Consumer goods company Unilever has confirmed it will cut 1,500 jobs as part of a restructure of its global operations.
The company, which produces well-known brands such as Dove Soap and Marmite, said the cuts would be to senior and junior management roles as it simplified its organisational structure.
As part of this, Nitin Paranjpe, chief operating officer, will take on a new role as chief transformation officer and chief people officer, heading up the HR function.
It confirmed the job losses after details were leaked to some news outlets on Monday this week (24 January).
Unilever will now be made up of five divisions: beauty and wellbeing; personal care; home care; nutrition and ice cream.

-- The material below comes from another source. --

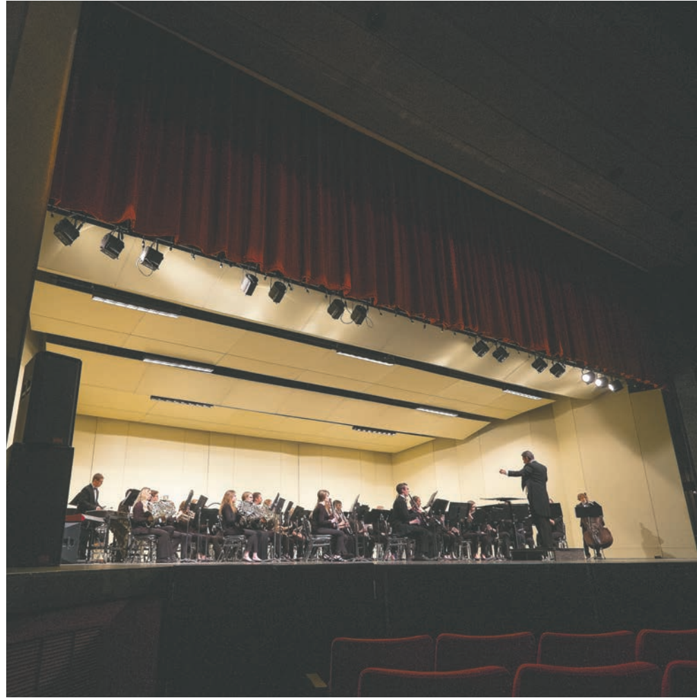
The UND Wind Ensemble performs the final piece of their Tuesday evening concert, "English Dances, Set 1, Op. 27," at the Chester Fritz Auditorium.

The company employs 149,000 people globally, with around 6,000 of those roles in the UK and Ireland.
A centralised business operations group will “provide the technology, systems and processes to drive operational excellence across the business”, Unilever confirmed.
Speculation that an “activist” hedge fund, Trian Partners, had taken a significant stake in the company emerged earlier this week, causing Unilever’s share price to spike.
Trian has a reputation for challenging its investment companies to make strategic and governance changes.
Unilever itself made a bid for rival GlaxoSmithKline’s consumer division earlier this month, but GSK believed the offer was too low and the deal fell through.
Alan Jope, Unilever’s CEO, said: “Our new organisational model has been developed over the last year and is designed to continue the step-up we are seeing in the performance of our business.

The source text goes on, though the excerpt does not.